As the vice presidential candidate, Governor Palin is in the position where she has to take on the role as attack dog, voicing the harsh criticism of the Obama-Biden ticket that Senator John McCain should not voice himself lest he risk a severe backlash. This is a traditional role for the vice presidential candidate on a ticket, but this year brings about a unique dilemma that the McCain-Palin ticket must not overlook. It is challenging enough for many to see a Black man – one that has garnered a historical victory as the Democratic nominee and, at this time, is leading in the race for the presidency – attacked at all. Just the historical significance of Barack Obama will make some hyper-protective, even to the point of disapproving of legitimate criticism of his policies or campaign. It is harder still for them to witness him come under verbal attack from a White woman. The oft-shared opinion that Sarah Palin is not qualified or prepared to be vice president only adds fuel to the fire, for critics that take issue to Palin’s attacks on Obama are offended that an unqualified candidate (in their view) is capable of regularly bashing the junior senator from Illinois. To some, it only reinforces a racial hierarchy that may or may not play out in the socioeconomic structures of America today.

Of course, it doesn’t help when her verbal jabs have included digs at Senator Obama’s work as a community organizer, a vital role of leadership within urban communities – the same communities that would be more likely to hold this racial sensitivity.
It makes it worse when the GOP vice presidential candidate rehashes a story about Obama “paling around with a terrorist” and “not (being a) man who sees America like you and I see America... We see America as a force of good...”

One action took the appearance of trivializing work that much of urban Black America counts on for social and political support.

The other conjured up past “whisper campaign” rumors of Senator Obama’s supposed Muslim faith and ties with Islamic radicals.

Neither gives the impression that Governor Palin is playing above the board and, thus, only adds fuel to a fire burning due to the emotional firewood sitting around from the past 50 years of race relations, particularly the unspoken intersection of sex and race.

What is ironic, when taking a deeper look, is the fact that those that find themselves sensitive to Palin attacks on Obama due to the scars outlined in this article must somehow overlook the fact that the very type of woman that they despise in 2008 would, in all likelihood, be akin to Senator Obama’s late mother just a few generations ago.
As we approach Election Day, we learn more about American race perceptions throughout our country everyday.

For example:

  • those that thought that we were not fair enough to be in this position with the make-up of our presidential tickets were wrong – we are capable of having a woman and a Black man on general election tickets and have them galvanize the parties’ bases;

  • those that thought that race and gender matter to everyone in America to a point to impact how we will select a president are wrong – there are those within each generation that truly do see content of character and do not fixate on the color of one’s skin or the gender of a candidate;

  • those that thought that race is a non-issue in the 21st century are also wrong – we have not graduated to a point where gender and race can differentiate without being divisive or, in some cases, inflammatory; and those that thought that we are at a point of time where our racial dirty laundry can be addressed in civil discussions and therapeutic behavior are also wrong – we are learning that, with every “Obama is a Muslim” or “Caribou Barbie” comment, when we are good when dealing with diversity, we are very good, but when we are bad...

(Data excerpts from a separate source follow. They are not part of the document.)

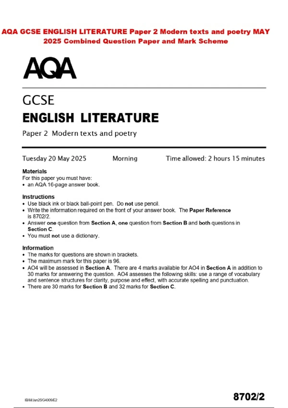 AQA GCSE ENGLISH LITERATURE Paper 2 Modern texts and poetry MAY 2025 Combined Question Paper and Mark Scheme
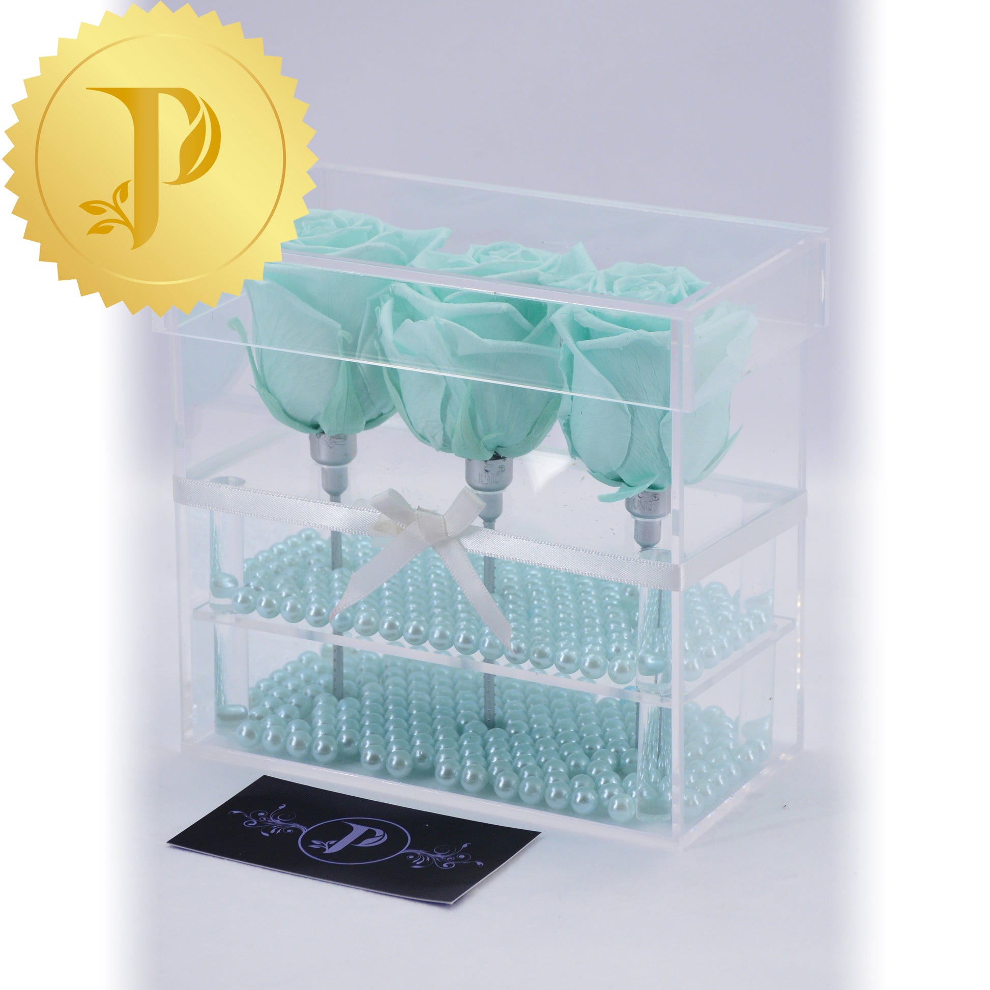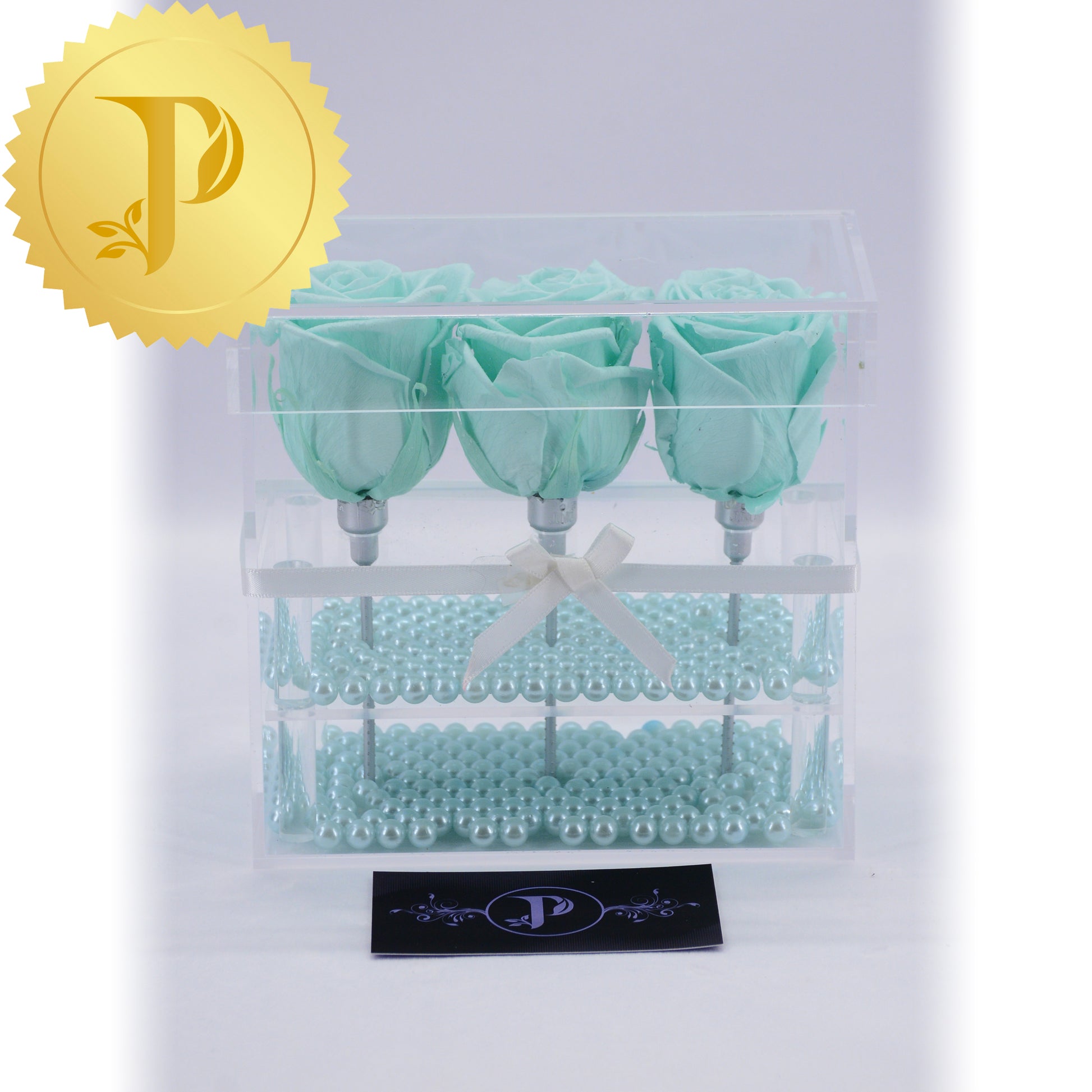 Arrangements in acrylic are available either with a drawer or tall with stems and no drawer. All arrangements come with a layer of your choice of either matching faux pearls, natural stones (lapis lazuli), crystals (clear and rose quartz) or crushed glass (gold). The drawers can be filled with either Ferrero Rocher or Baci chocolates. Acrylic boxes will be highlighted with a white ribbon.
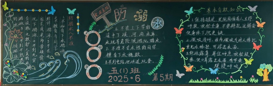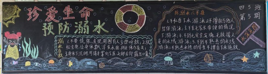 随着夏日气温持续升高,溺水事故进入高发期。为切实增强学生安全意识,提高自我保护能力,八都学校组织各班开展了“防溺水”主题黑板报宣传活动,为学生生命安全筑牢防护网。
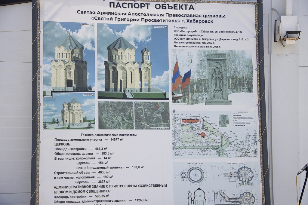 "Ваше высокопреосвященство, дорогие земляки! Поздравляю вас с праздником чина освящения основ строящегося храма Святого Григория Просветителя. Благодарю армянское землячество за решение построить храм на хабаровской земле — этим вы оказали нам большое доверие. Вы сильная и дружная нация, которая думает о будущем детей, ведь храмы строятся для них, для будущих поколений. Они будут хранить и преумножать те ценности, которые мы им передадим", — обратился к собравшимся мэр Хабаровска Сергей Кравчук.

  • Even though there is reason to be mindful of racism and sexism in this election season, it is clear that when the two collide (as with the case of Obama and Palin), there is a presidential nerve that exposes a still-existent sore spot with many.

    ~Lenny McAllister is a contributor to HHR he is also a young African American Republican with a mission to make changes to the status quo in politics, social issues and other issues that hamper our American way of life. He is presntely a political contributor with AOL Black Voices.